(Beginning of INPUT DATA)
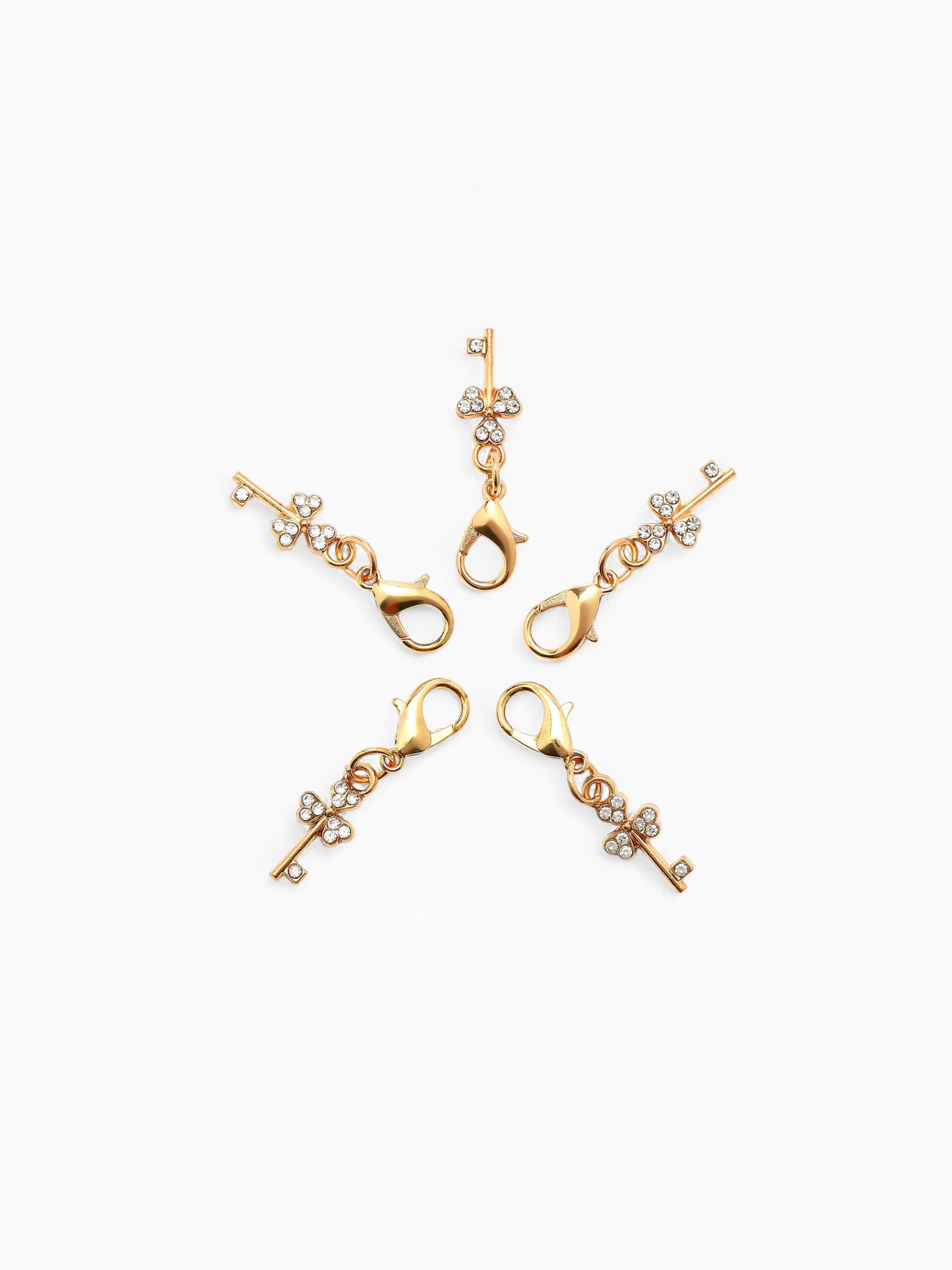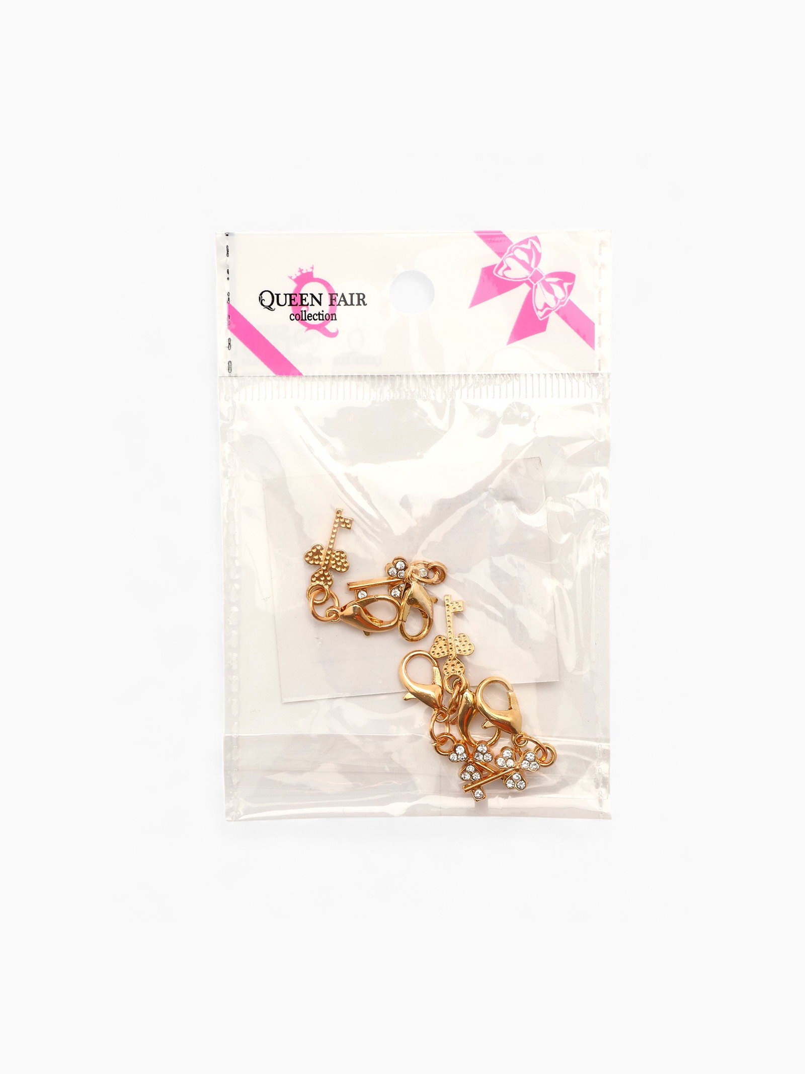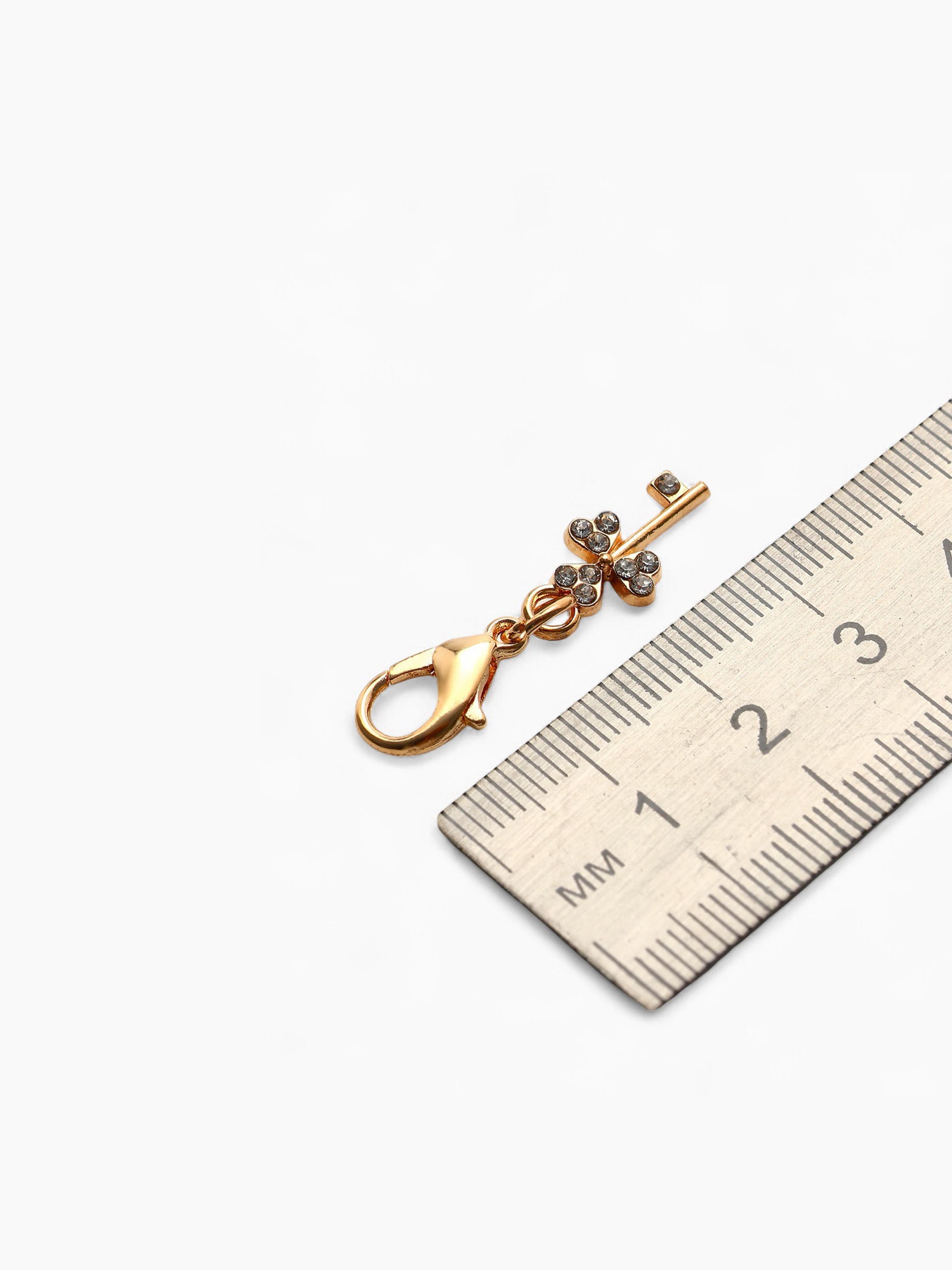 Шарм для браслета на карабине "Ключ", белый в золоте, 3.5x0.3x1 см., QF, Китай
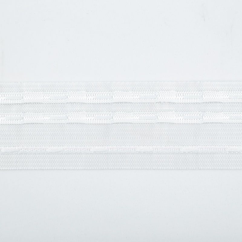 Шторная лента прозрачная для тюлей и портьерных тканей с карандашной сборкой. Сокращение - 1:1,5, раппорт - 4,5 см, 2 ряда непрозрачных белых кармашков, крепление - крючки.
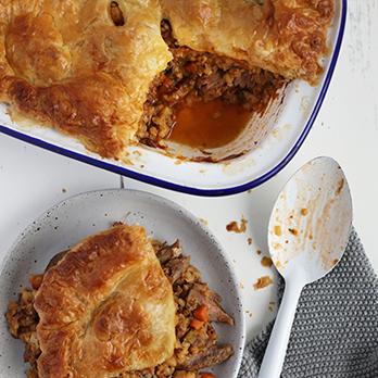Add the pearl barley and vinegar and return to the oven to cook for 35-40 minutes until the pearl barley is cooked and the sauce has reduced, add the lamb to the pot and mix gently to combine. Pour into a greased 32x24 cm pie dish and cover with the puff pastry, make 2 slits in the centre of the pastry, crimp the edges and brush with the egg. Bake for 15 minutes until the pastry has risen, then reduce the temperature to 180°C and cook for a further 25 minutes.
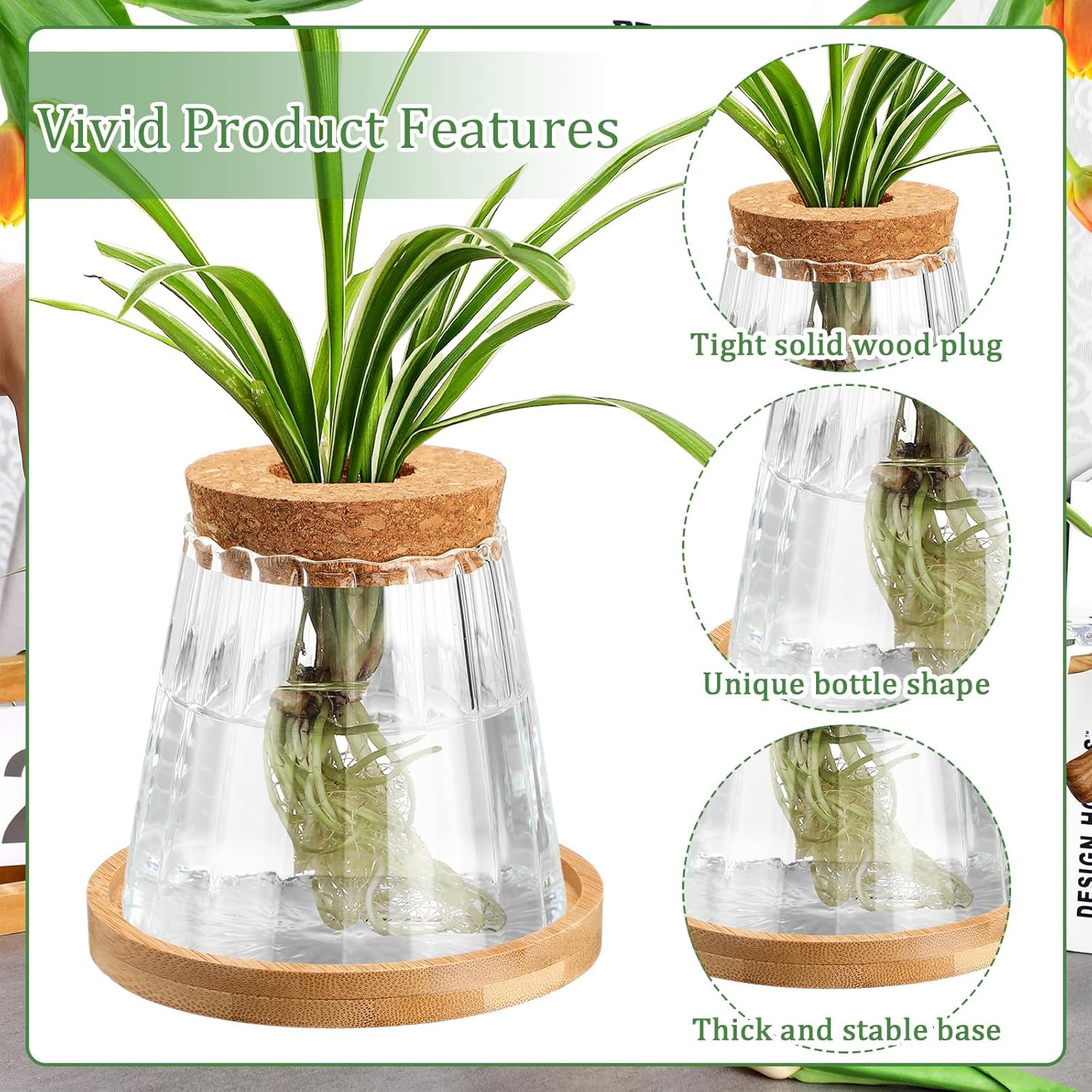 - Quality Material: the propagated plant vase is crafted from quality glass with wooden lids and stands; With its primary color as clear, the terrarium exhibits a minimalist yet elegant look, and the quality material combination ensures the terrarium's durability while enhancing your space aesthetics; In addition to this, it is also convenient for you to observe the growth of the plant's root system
(End of INPUT DATA)
▶ _WORK TO BE COMPLETED_
Return the full listing exactly as written, without any of its images.

▶ _RESPONSE TO THE EXERCISE_
 Шарм для браслета на карабине "Ключ", белый в золоте, 3.5x0.3x1 см., QF, Китай
 Шторная лента прозрачная для тюлей и портьерных тканей с карандашной сборкой. Сокращение - 1:1,5, раппорт - 4,5 см, 2 ряда непрозрачных белых кармашков, крепление - крючки.
Add the pearl barley and vinegar and return to the oven to cook for 35-40 minutes until the pearl barley is cooked and the sauce has reduced, add the lamb to the pot and mix gently to combine. Pour into a greased 32x24 cm pie dish and cover with the puff pastry, make 2 slits in the centre of the pastry, crimp the edges and brush with the egg. Bake for 15 minutes until the pastry has risen, then reduce the temperature to 180°C and cook for a further 25 minutes.
 - Quality Material: the propagated plant vase is crafted from quality glass with wooden lids and stands; With its primary color as clear, the terrarium exhibits a minimalist yet elegant look, and the quality material combination ensures the terrarium's durability while enhancing your space aesthetics; In addition to this, it is also convenient for you to observe the growth of the plant's root system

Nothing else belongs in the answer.